The answer given in the book is [tex]\frac{27}{5}ln(2)-\frac{9}{5}ln(3)[/tex]

or [tex]\frac{9}{5}ln\frac{8}{3}[/tex]

## The Attempt at a Solution

[tex]\int\frac{4y^2-7y-12}{y(y+2)(y-3)}[/tex]

[tex]=\int\frac{A}{y}+\frac{B}{y+2}+\frac{C}{y-3}[/tex]

I found:

[tex]4y^2-7y-12=A(y+2)(y-3)+B(y)(y-3)+C(y)(y+2)[/tex]

If y=-2, then [tex]B=1[/tex]

I also found:

[tex]4y^2-7y-12=(A+B+C)y^2+(2C-3B-A)y-6A[/tex]

so [tex]6A=12[/tex], or [tex]A=2[/tex].

Also, [tex](A+B+C)=4[/tex] so [tex](2+1+C)=4[/tex] and [tex]C=1[/tex]

Therefore: [tex]=\int\frac{A}{y}+\frac{B}{y+2}+\frac{C}{y-3}[/tex]

[tex]=\int\frac{2}{y}+\frac{1}{y+2}+\frac{1}{y-3}[/tex]

[tex]=2ln|y|+ln|y+2|+ln|y-3|[/tex] with limits [tex][1, 2][/tex]

[tex]=2(ln(2)-ln(1))+(ln(2+2)-ln(1+2)+(ln|2-3|-ln|1-3|)[/tex]

[tex]=2ln(2)+(ln(4)-ln(3)+(ln(1)-ln(2))[/tex]

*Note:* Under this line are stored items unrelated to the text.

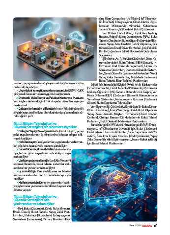 •Entegre Yapay Zeka Çözümleri: Bulut bilişim, yapay
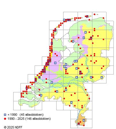 Het aantal atlasblokken (5x5 km) waarin de soort is gemeld binnen een periode van vijf jaar (vanaf 1980) of twintig jaar. Niet gecorrigeerd voor waarnemersinspanning en het aantal doorgegeven waarnemingen kan sterk variëren per periode, dus een trend in verspreiding kan hier niet direct uit worden afgelezen. Het opgegeven jaartal is het eerste jaar van de periode. Bron: gevalideerde waarnemingen uit de NDFF.
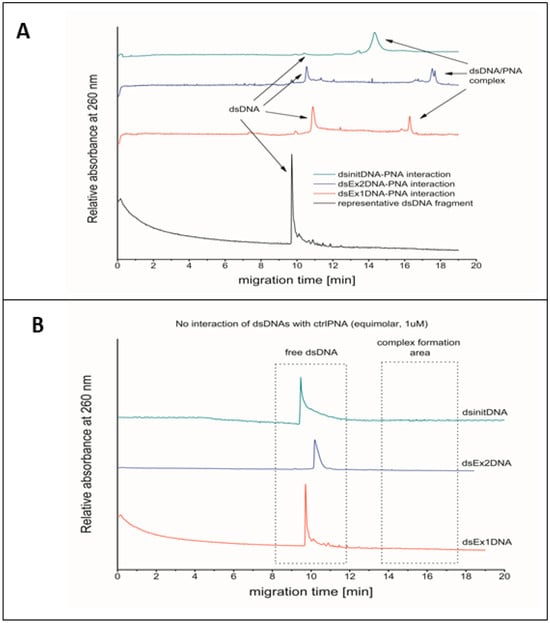 (A) Capillary electrophoresis analysis of interaction of PNA with its complementary DNA fragments. UV absorbance was measured at a wavelength of 260 nm. Absorbance intensities of DNA interactions with different complementary PNA fragments are depicted as green, blue, and red lines for InitPNA, Ex2PNA, and Ex1PNA, respectively. (B) Electropherograms of dsDNA fragments without addition of PNA.
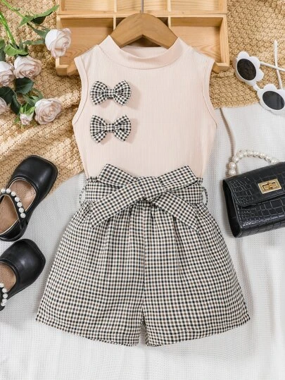 SHEIN Toddler Girls Bow Front Tank Top & Plaid Belted Shorts - Multicolor - View 1
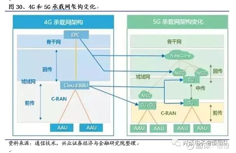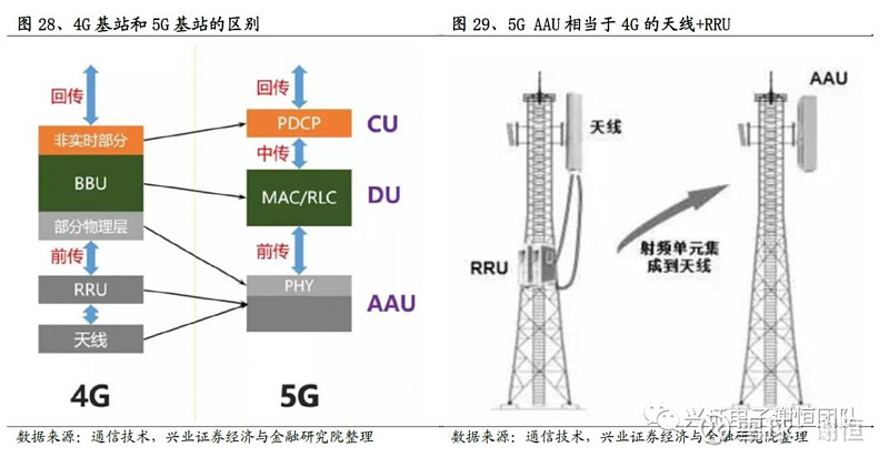 在5G网络中,接入网被重构为以下3个功能实体:CU(Centralized Unit,集中单元)、DU(Distribute Unit,分布单元)和AAU(Active Antenna Unit,有源天线单元)。将原BBU的非实时部分将分割出来,重新定义为CU,负责处理非实时协议和服务,BBU的剩余功能重新定义为DU,负责处理物理层协议和实时服务,BBU的部分物理层处理功能与原RRU及无源天线合并为AAU。
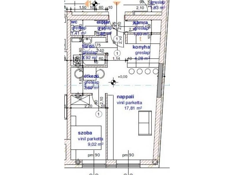 A lakás a tervek alapján konyha, étkező, nappali, szoba, kamra, fürdőszoba, mellékhelyiség, és előtér térfelosztású.
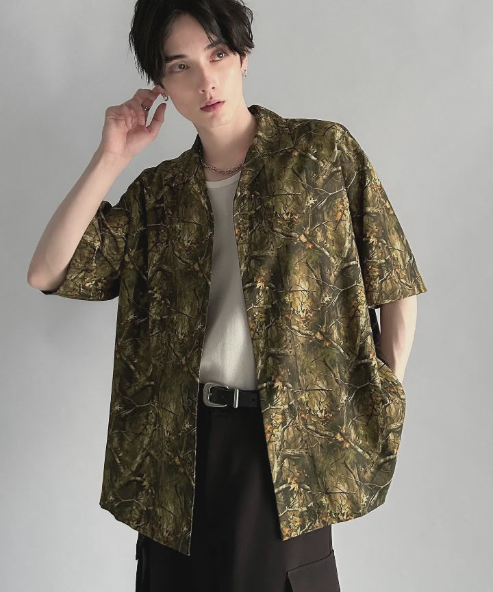 「個性全開。」総柄オーバーサイズドレープ半袖シャツ/Oversized Drape Half Sleeve Shirt co1150014
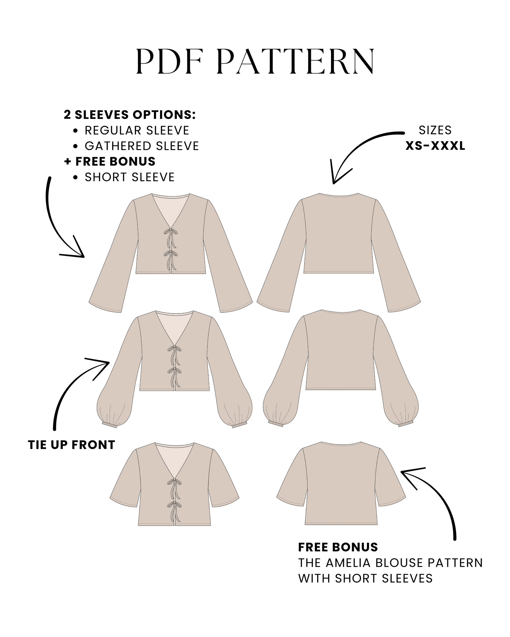 Free Bonus: The Amelia Blouse pattern with classic short sleeves.
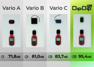 BipBip Pro har en ny inbyggd summer och skräddarsydd förstärkare, speciellt utformat för att producera ett högt och tydligt ljud. Det finns ett brett spektrum av ljudvolymer tillgängliga. hela 95dB vid full volym.
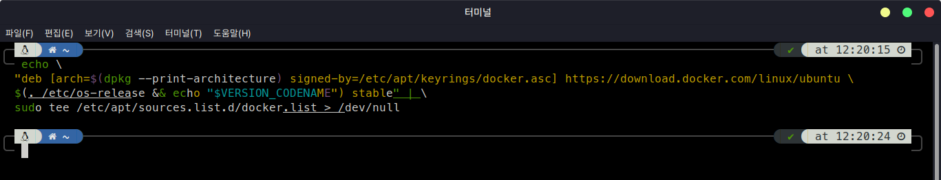 아키텍처 정보는 패키지 정보를 읽어서 적용하고(그냥 amd64로 지정해도 무방), 앞에서 (두 번째 방식으로) 생성한 키를 적용하고, os의 릴리즈 정보를 읽어서 버전코드명을 넣어주도록 하고... 그리고 그 내용들을 /etc/apt/sources.list.d/docker.list 파일에 적용한 후 반영하는... 복잡한 방식입니다.
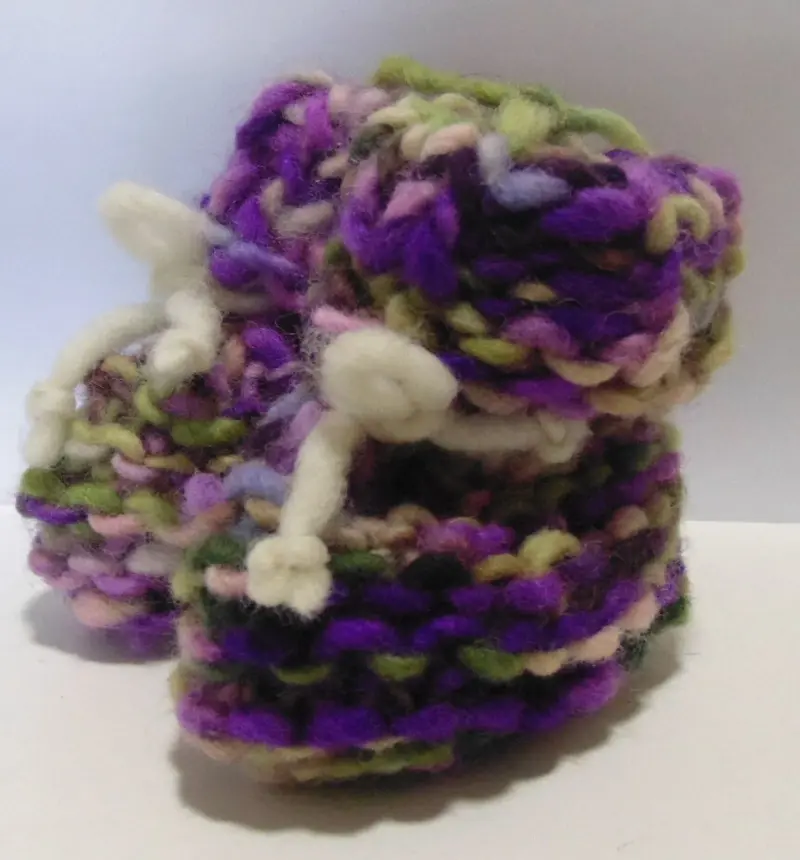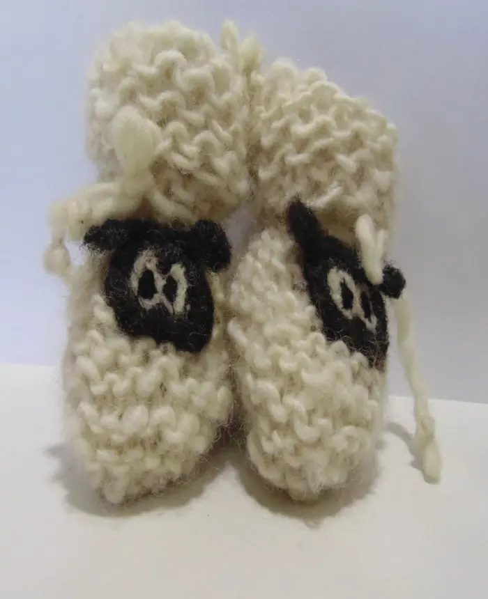 Pantuflas de lana para bebé suaves y abrigadas, hechas a mano con lana 100% natural de oveja en Chiloé. Perfectas para mantener a tu guagua cómoda y protegida con artesanía autentica.
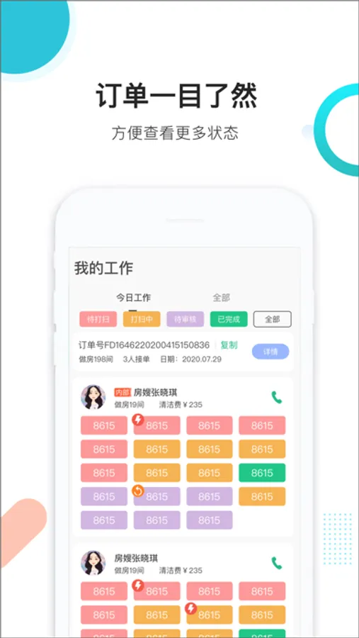 “马小二酒店端”APP基于互联网共享思维,将全国酒店清扫服务聚合在一起形成产业集群,平台线上线下融合,入驻酒店线上发布清扫房源,入驻房嫂阿姨全职或兼职提供线上接单线下清扫服务,充分整合线下闲赋劳动力,经济便捷的为酒店匹配*合适的的客房服务员,同时平台内对接PMS,可即时获取脏房自动发布,清洁打扫全流程监控,在线发布审核完成放净房,帮助酒店节省人力成本和时间成本,高效率解决用工难题
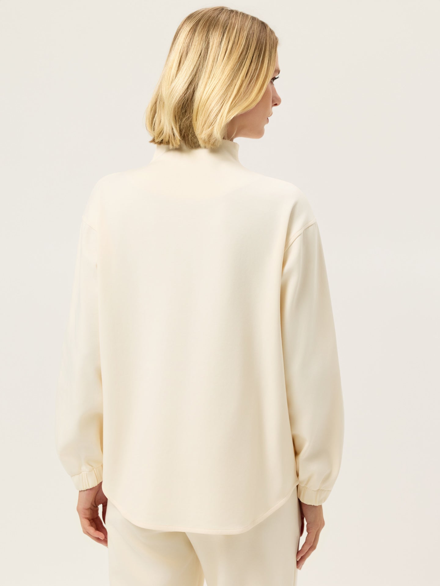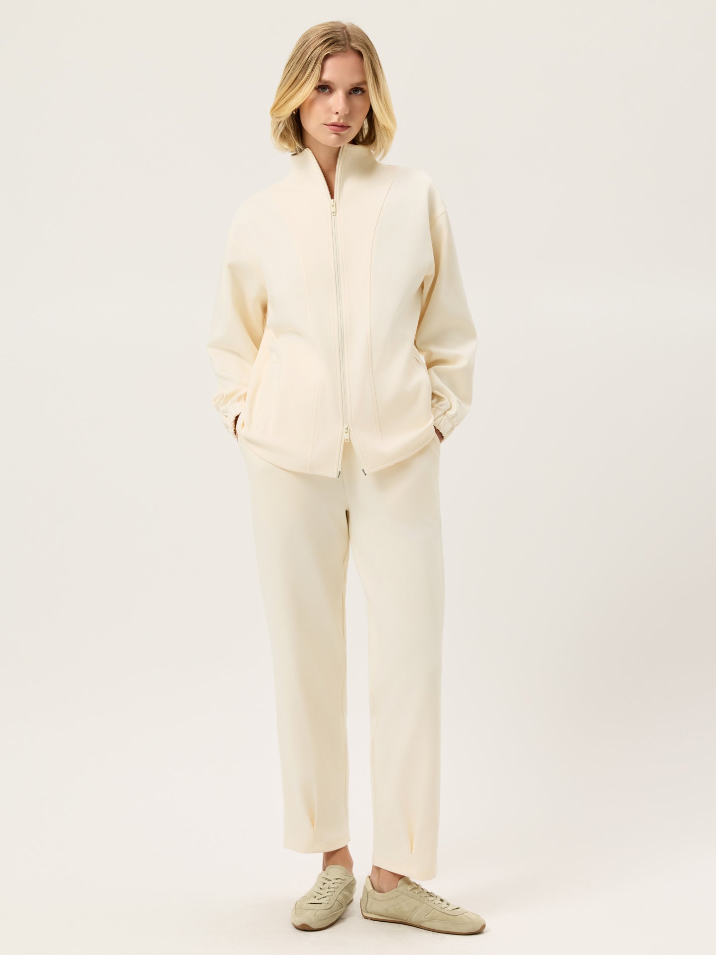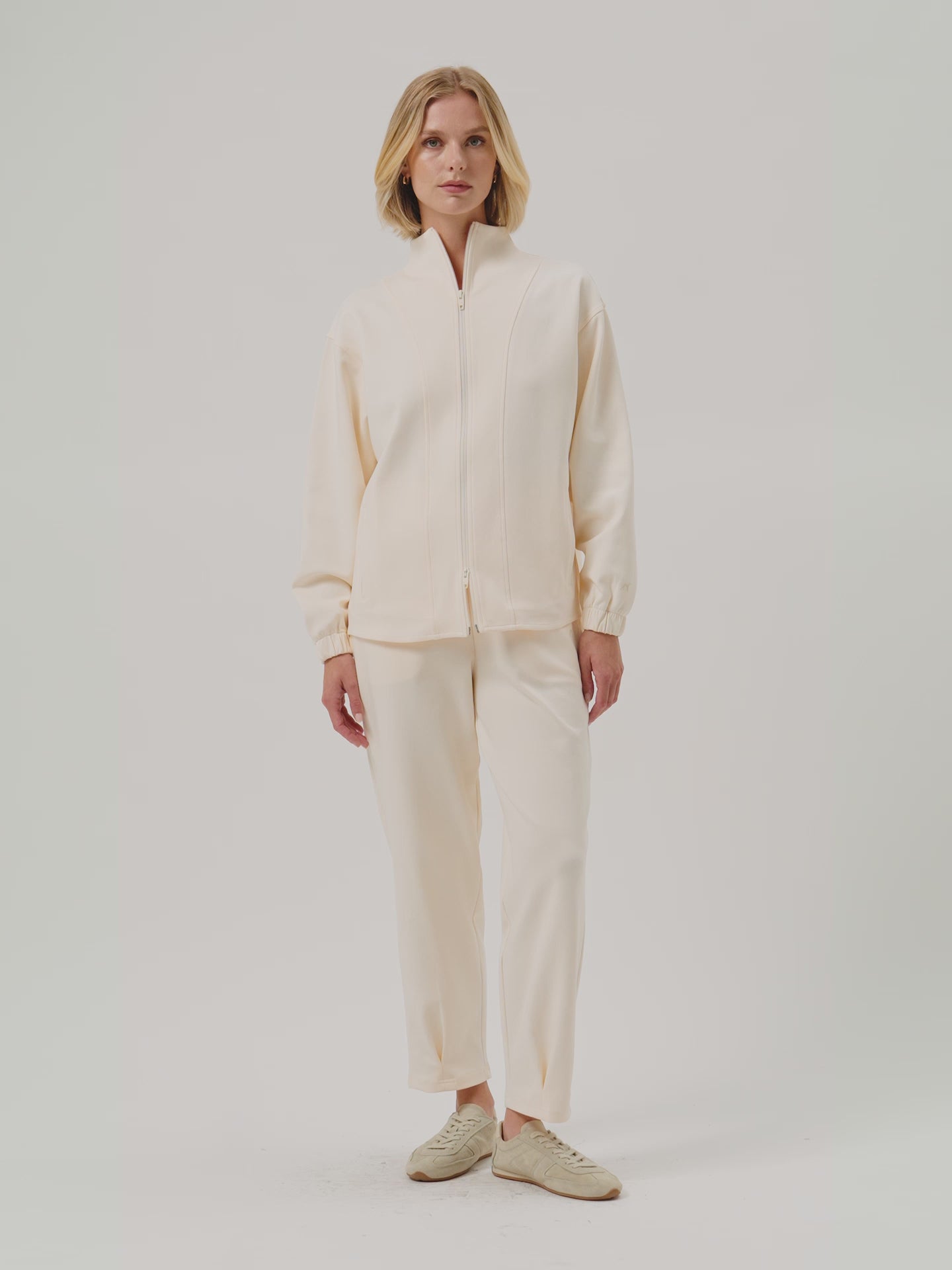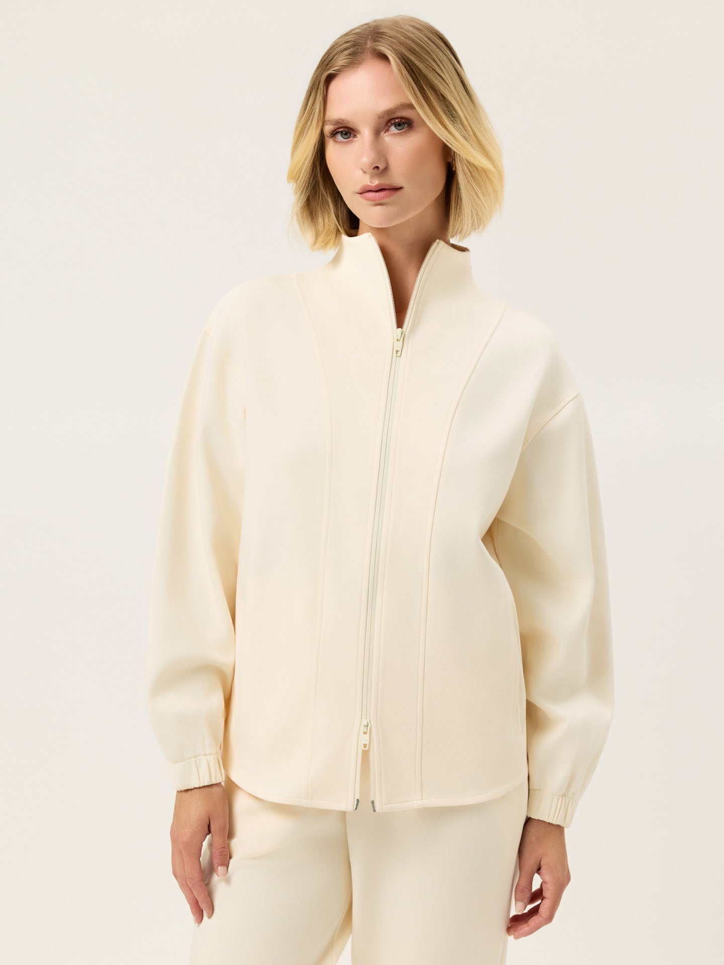 Luxe Leisure Cotton blend fleece jacket with pockets and high relief logo print at sleeve. Closes with double puller zipper. This capsule collection explores the space between refinement and relaxation, comfort and effortless style, functionality and elegance.
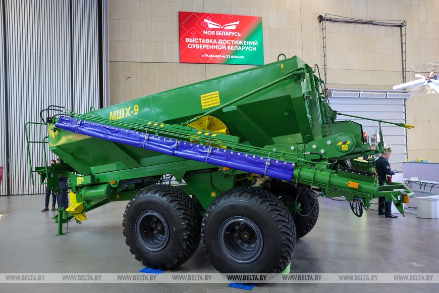 "Объем бункера машины составляет 10 куб.м. Она оснащена двумя видами рабочих органов - шнековыми штангами и центробежным разбрасывающим органом, или "тарелками". Шнековые штанги увеличивают точность внесения. В случае повышенной влажности мелиората, не позволяющей воспользоваться штангами, возможно внесение пылевидных химмелиорантов с помощью "тарелок". Машина оснащена ветрозащитными фартуками. Меньше пыли при работе, а это только плюс для экологии. Ширина внесения - 8-10 м, рабочая скорость составляет 6-10 км/час. Агрегатируется МШХ-9 с тракторами 3-го тягового класса и выше. Управление работой разбрасывателя осуществляется из кабины трактора", - рассказал заместитель генерального директора "Бобруйскагромаш" по качеству Андрей Аксенов. Применяя МШХ-9, сельхозпроизводители получают экономию времени на внесение удобрений, уменьшенное количество проходов по полю, а значит, и экономию горюче-смазочных материалов, сокращение парка техники для внесения удобрений благодаря большему объему и универсальности разбрасывателя.

[tex]=2ln(2)+ln(\frac{4}{3})-ln(2)[/tex]

This is not equal to either answer provided in the book but I can't find an error. Also, how do you put the limits of integration into the function using Latex?